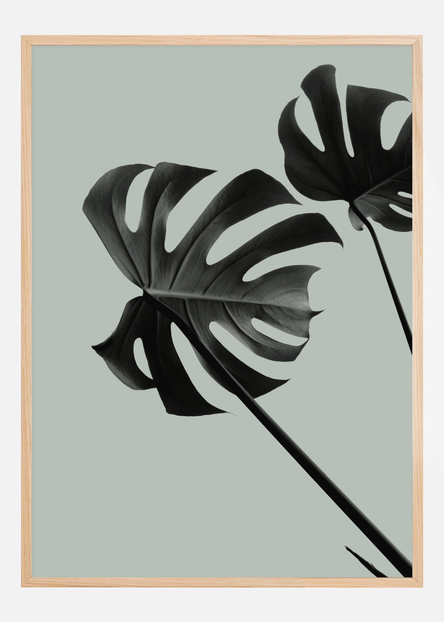 Černobílá detailní fotografie dvou listů monstera. Listy ve tvaru srdce jsou vidět na matně šedém pozadí a okamžik je zesílen světlem za pírkovými vzory. Tento plakát je perfektní pro přinesení vzrušujícího pocitu těchto srdcovitých listů do vašeho domova.
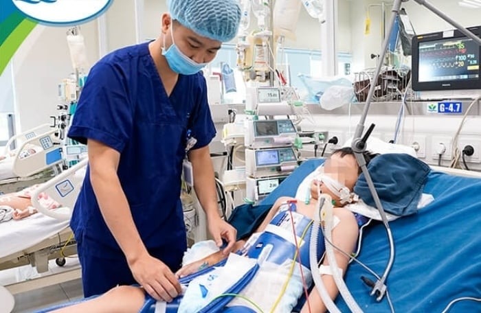 Sau đó, trẻ được chuyển đến bệnh viện huyện trong tình trạng hôn mê, tím tái, thở ngáp, được đặt nội khí quản chuyển đến bệnh viện tỉnh rồi chuyển lên Bệnh viện Nhi Trung ương.
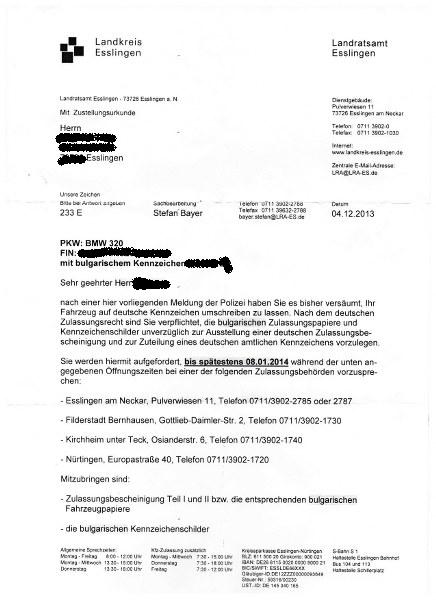 . След седмица получи това писъмце, с което му се разяснява, че най- късно до 8-ми януари е длъжен да смени българската си регистрация с немска, иначе му се пише глоба и спиране от движение. Човекът е в Германия от 2 месеца, преди това е пребивавал 1 година във Финландия, а още по- преди това 2 години пак в Германия. Лош пример...
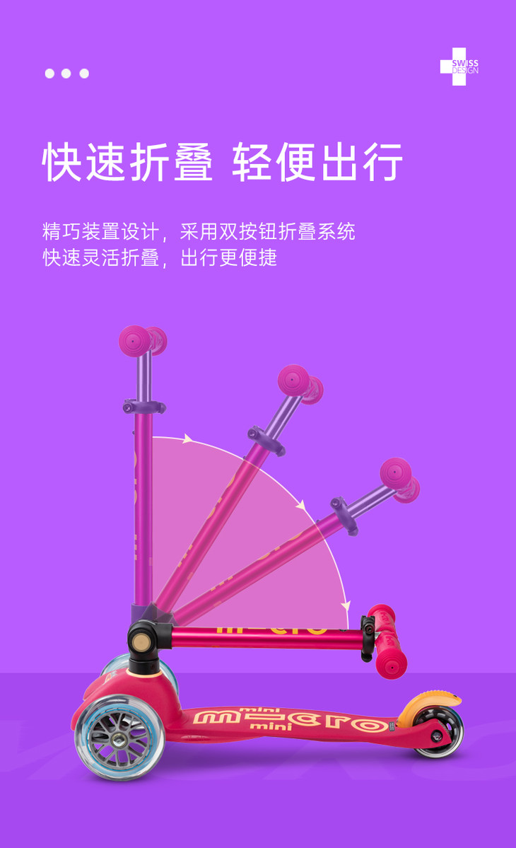 瑞士Micro迈古|Mini 折叠(车轮)LED灯豪华版滑板车 2-5岁
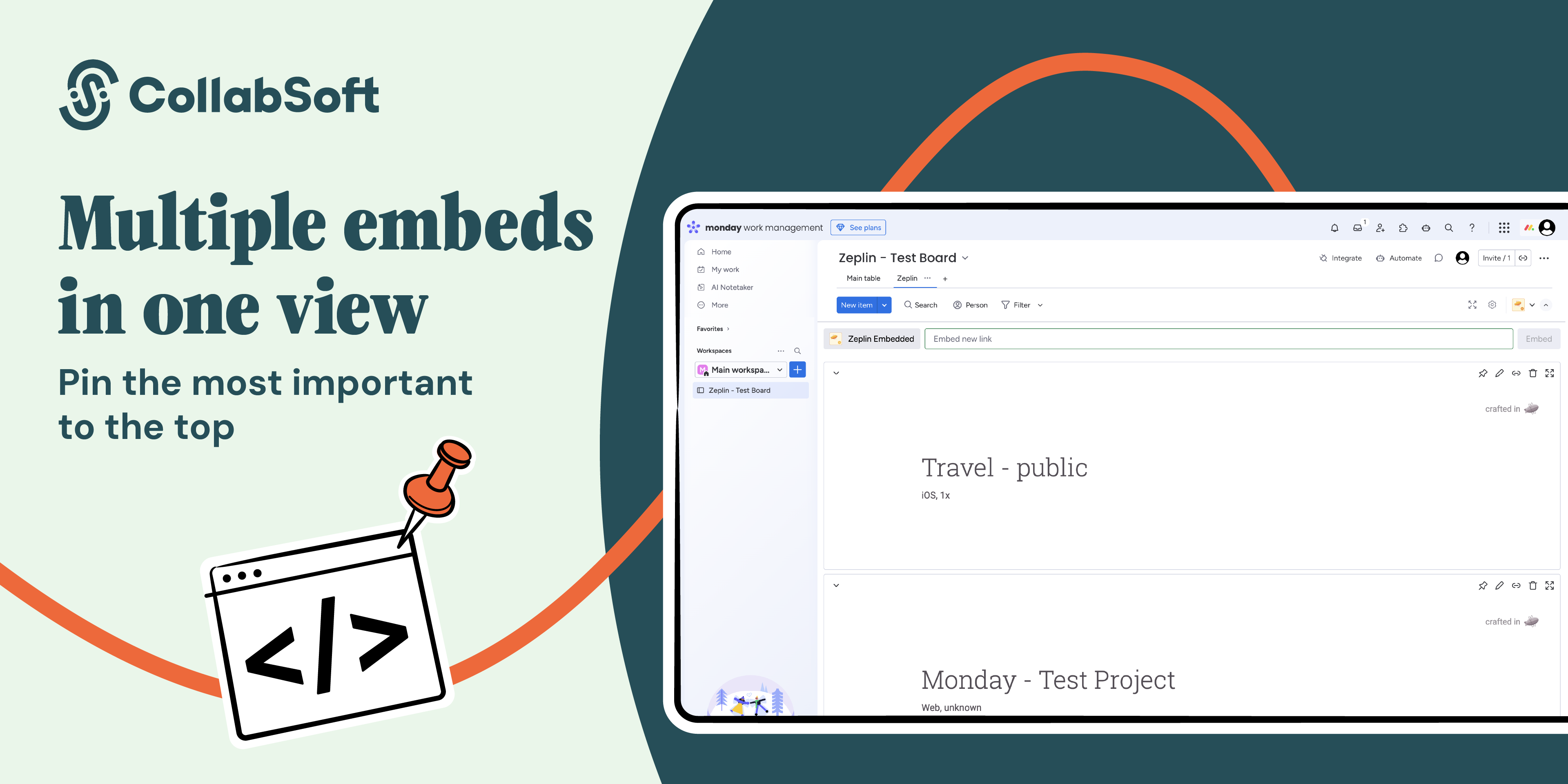Embed your Zeplin scenes in monday.com items, boards, or dashboards for flexible collaboration between designers, developers, and other stakeholders.
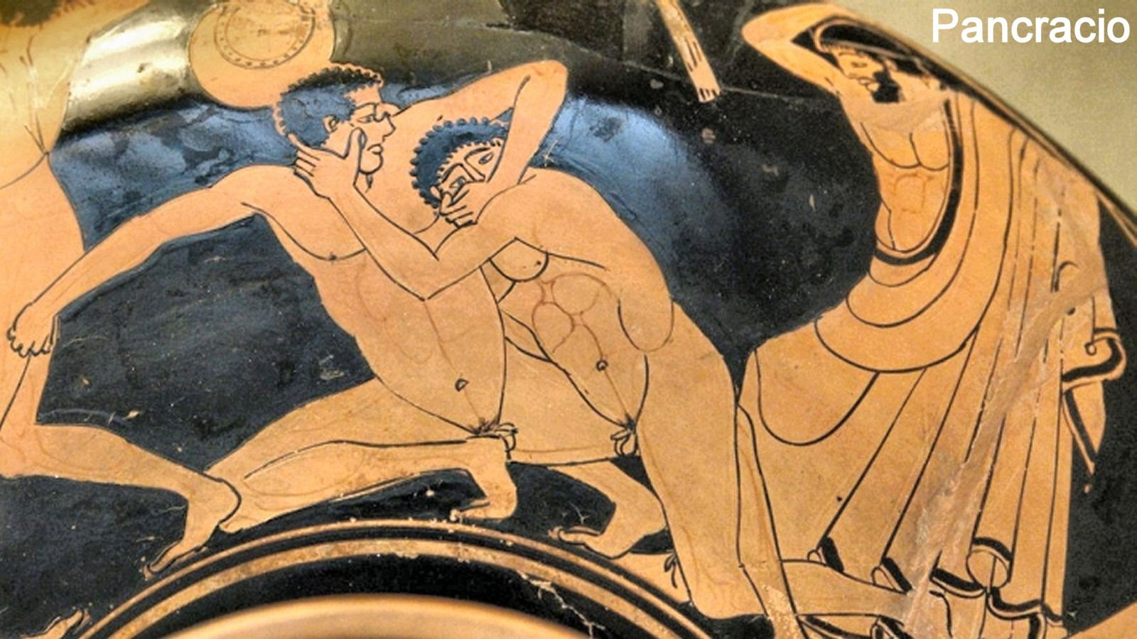 La figura muestra el grabado en una copa griega del 480 a.n.e. que se atesora en el Museo Británico. Un contendiente intenta meter un dedo en el ojo de su adversario, y el árbitro interviene con un látigo para castigar la falta.
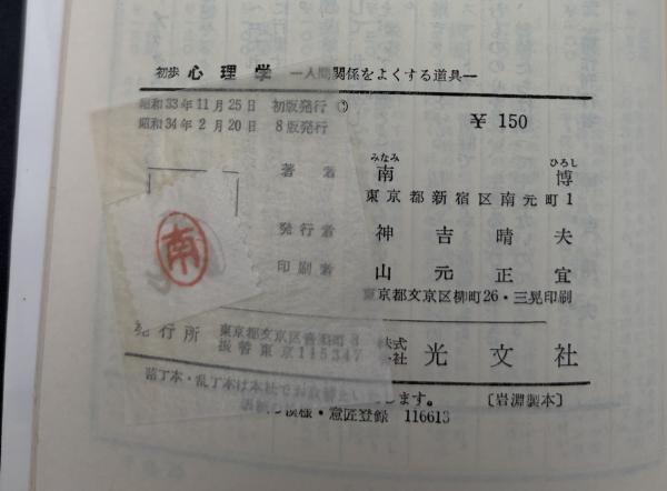 初歩心理学 : 人間関係をよくする道具 <カッパ・ブックス> 8版
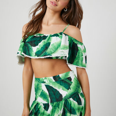 Forever 21 Juniors Palm Print Womens Square Neck Short Sleeve
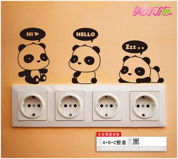 小熊猫系列开关贴 开关墙贴纸墙贴画墙纸贴开关贴客厅卧室
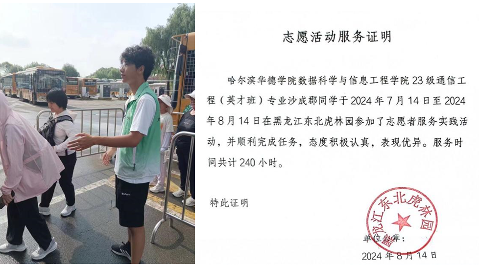 在暑假期间,我参与的志愿活动是在黑龙江东北虎林园引导游客进行游园,志愿服务期间经常会有一些行动不便的游客,他们有的是年过花甲的老人、有的是怀有身孕的母亲,也有的是不便沟通的外国友人。尽管当时正值三伏,炎炎夏日,但游客们对观看老虎的热情却丝毫不减,日日门庭若市,我们志愿者团队也做到尽职尽责,不辞劳苦。
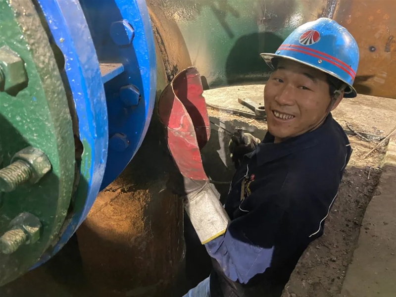 在高線循環泵房內,只見進水主管道一角弧光閃耀、焊花飛濺,卻不見人影,走近一看,原來焊工梁曉鋒正蜷縮在管道的縫隙中進行管道焊接作業?此坪唵蔚暮附幼鳂I,實則不易,由于空間狹小,身高一米八的他在縱橫交錯的管道中不斷變換著姿勢,時而仰面、時而下蹲、時而平躺,起弧、運條、點焊、收尾……焊把在他的手中飛舞,美麗的弧光映紅了他的臉龐。面對一道道完美的焊縫,他臉上露出了滿意的笑容。他抖了抖麻木的腿腳,直了直酸痛的腰背,然后又投入到另一項縫隙焊接工作中……
________
- _Try it_: When copying the records, reproduce every entry exactly and omit all pictures.

- _Solution to this exercise_:
 Černobílá detailní fotografie dvou listů monstera. Listy ve tvaru srdce jsou vidět na matně šedém pozadí a okamžik je zesílen světlem za pírkovými vzory. Tento plakát je perfektní pro přinesení vzrušujícího pocitu těchto srdcovitých listů do vašeho domova.
 Sau đó, trẻ được chuyển đến bệnh viện huyện trong tình trạng hôn mê, tím tái, thở ngáp, được đặt nội khí quản chuyển đến bệnh viện tỉnh rồi chuyển lên Bệnh viện Nhi Trung ương.
 . След седмица получи това писъмце, с което му се разяснява, че най- късно до 8-ми януари е длъжен да смени българската си регистрация с немска, иначе му се пише глоба и спиране от движение. Човекът е в Германия от 2 месеца, преди това е пребивавал 1 година във Финландия, а още по- преди това 2 години пак в Германия. Лош пример...
 瑞士Micro迈古|Mini 折叠(车轮)LED灯豪华版滑板车 2-5岁
Embed your Zeplin scenes in monday.com items, boards, or dashboards for flexible collaboration between designers, developers, and other stakeholders.
 La figura muestra el grabado en una copa griega del 480 a.n.e. que se atesora en el Museo Británico. Un contendiente intenta meter un dedo en el ojo de su adversario, y el árbitro interviene con un látigo para castigar la falta.
 初歩心理学 : 人間関係をよくする道具 <カッパ・ブックス> 8版
 Forever 21 Juniors Palm Print Womens Square Neck Short Sleeve
 小熊猫系列开关贴 开关墙贴纸墙贴画墙纸贴开关贴客厅卧室
 在暑假期间,我参与的志愿活动是在黑龙江东北虎林园引导游客进行游园,志愿服务期间经常会有一些行动不便的游客,他们有的是年过花甲的老人、有的是怀有身孕的母亲,也有的是不便沟通的外国友人。尽管当时正值三伏,炎炎夏日,但游客们对观看老虎的热情却丝毫不减,日日门庭若市,我们志愿者团队也做到尽职尽责,不辞劳苦。
 在高線循環泵房內,只見進水主管道一角弧光閃耀、焊花飛濺,卻不見人影,走近一看,原來焊工梁曉鋒正蜷縮在管道的縫隙中進行管道焊接作業?此坪唵蔚暮附幼鳂I,實則不易,由于空間狹小,身高一米八的他在縱橫交錯的管道中不斷變換著姿勢,時而仰面、時而下蹲、時而平躺,起弧、運條、點焊、收尾……焊把在他的手中飛舞,美麗的弧光映紅了他的臉龐。面對一道道完美的焊縫,他臉上露出了滿意的笑容。他抖了抖麻木的腿腳,直了直酸痛的腰背,然后又投入到另一項縫隙焊接工作中……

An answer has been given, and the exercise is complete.